Consequently, all potential projects will have to be evaluated in terms of the rate of return they generate. The government will need to monitor the response of investors on a periodic basis and make the necessary adjustments when needed given the competitive landscape for oil and gas projects.
The decision to cap the HCL content of a gas field to 100 barrels per million standard cubic feet (mmscf) is commendable as this will help to develop fields with lower liquid content; thereby making them more economically viable. Generally, a high HCL in a field is considered desirable as it enhances the field's value, recovery, and production rates.

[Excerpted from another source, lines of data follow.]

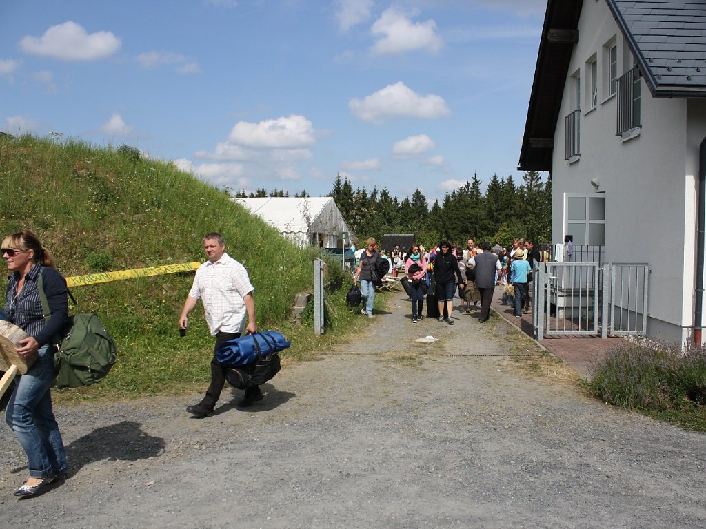 Anschließend kehrt Ruhe ein. Kinder und Eltern verabschieden sich von ihren Zeltbetreuern. Dabei ist es oft mehr Gepäck, als bei der Anreise: Ergebnisse der Handwerke und auch neue Gedanken im Herzen machen sich auf den Weg wieder nach Hause; vielleicht schon mit der Vorfreude auf den nächsten Sommer!
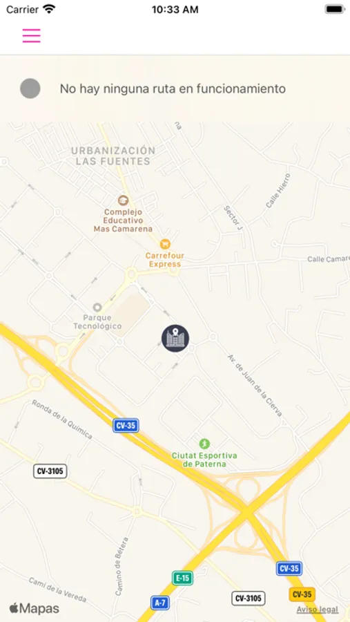 La aplicación nos permite hacer un seguimiento en tiempo real de la ruta, para conocer la situación del bus en todo momento.
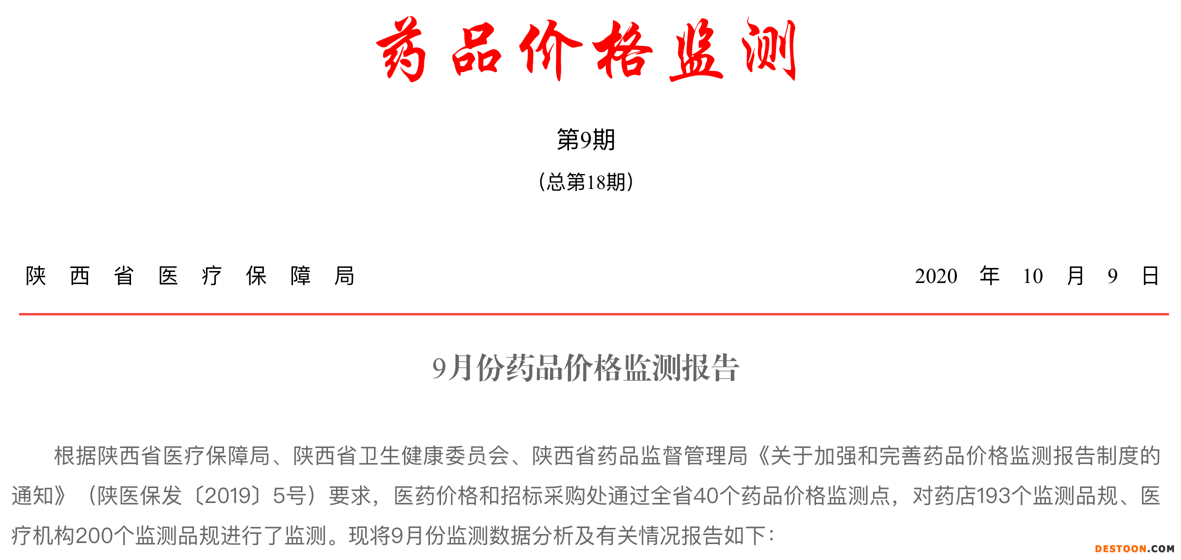 為進一步做好藥品價格監(jiān)測工作,陜西省醫(yī)保局、陜西省衛(wèi)健委、陜西省藥監(jiān)局三部委在2019年4月發(fā)布《關于加強和完善藥品價格監(jiān)測報告制度的通知》,旨在通過建立健全藥品價格監(jiān)測體系和加強藥品價格監(jiān)測數(shù)據(jù)分析,來引導市場價格合理形成,維護市場價格秩序。
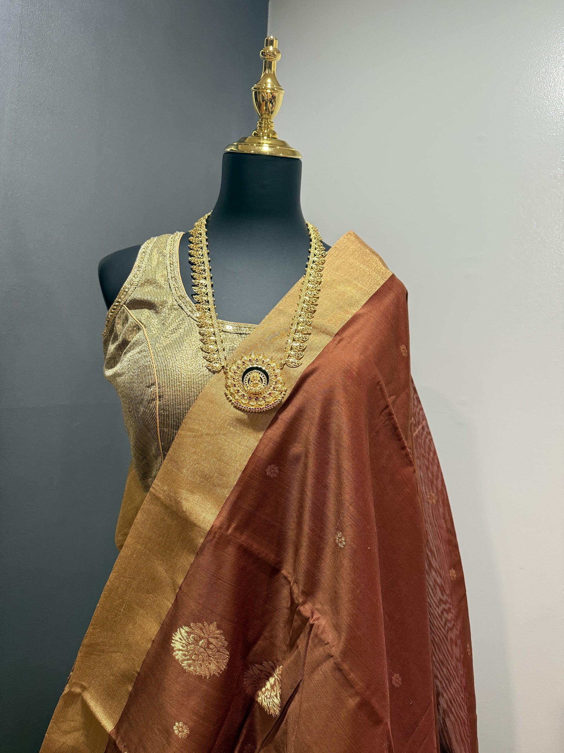 Rust Chanderi Silk saree with golden tissue border and floral buttas.
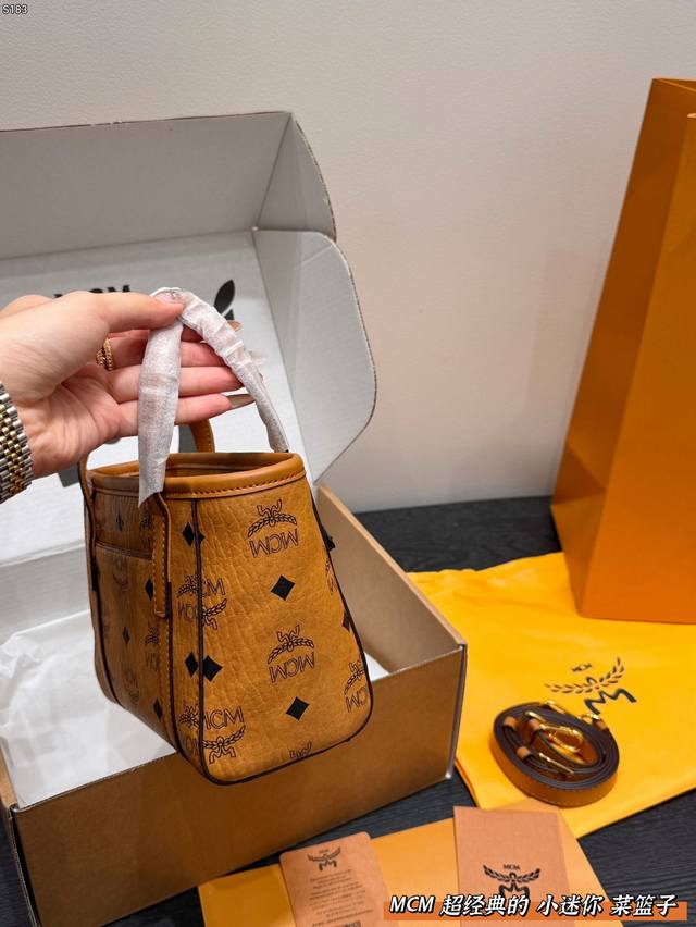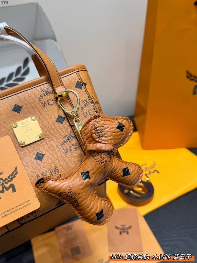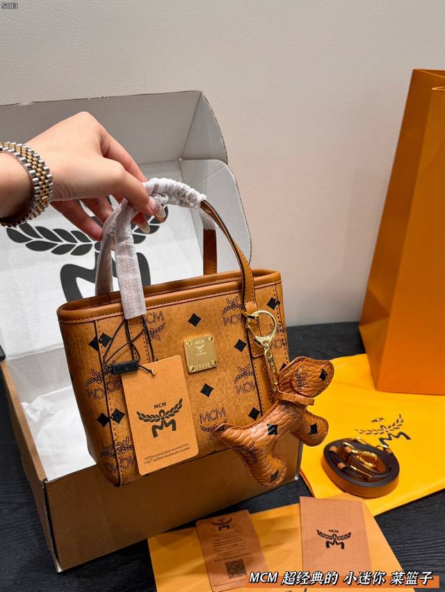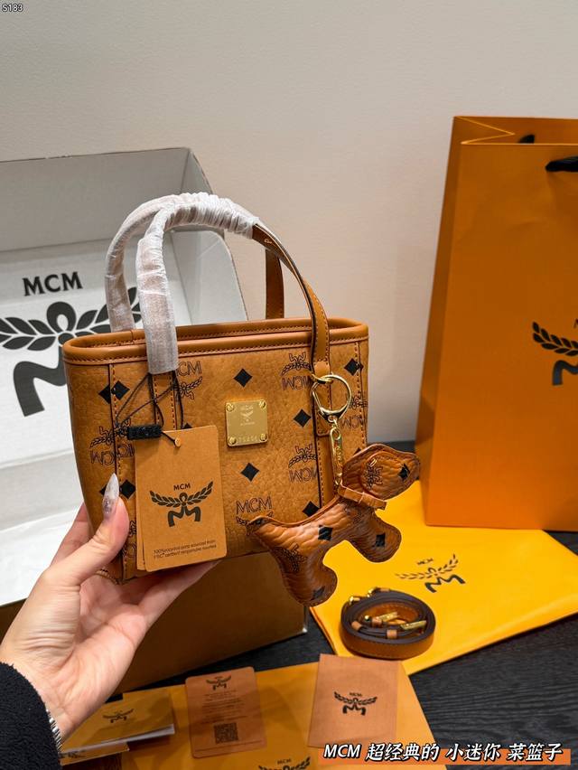 / 礼盒包装 复刻版! Size:17*14Cm 迷你 经典复刻版 Mcm 菜篮子 原单!青岛!Mini 俏皮很百搭 赠送可爱的小狗挂件!
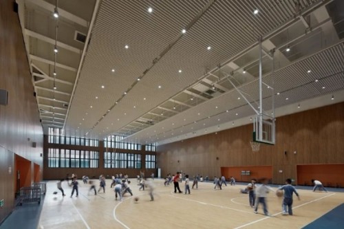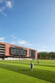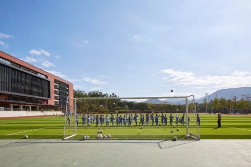 校园生活加入社区生活,为社区注入生机,社区与学校的连接、配套与分时共享,成为宝龙学校未来校园设计的一部分。项目在规划阶段即考虑学校部分配套共享于整个社区,周末学校的游泳馆面向社会开放,最大化利用了公共资源。

Consequently, there will be a tendency for operators to focus on only liquids to the detriment of gas production, which is required to help unlock Nigeria's energy potential while also improving energy security on a sustainable basis.
We also note the intention of the Government to encourage operators to drive down unit technical cost of production by reducing the incentives granted under the Notice by 10% for qualifying developments when costs exceed the benchmark set by the NUPRC, which is $20 per barrel of oil equivalent for 2024. While this is commendable, it is essential to ensure that the benchmark price remains competitive for operators in the sector – i.e., it considers the unique challenges faced by Nigerian oil and gas producers, such as security cost, bureaucracy, and excessive regulatory oversight.
The opinion expressed in this article is solely personal and does not represent the views of any organization or association to which the authors belong.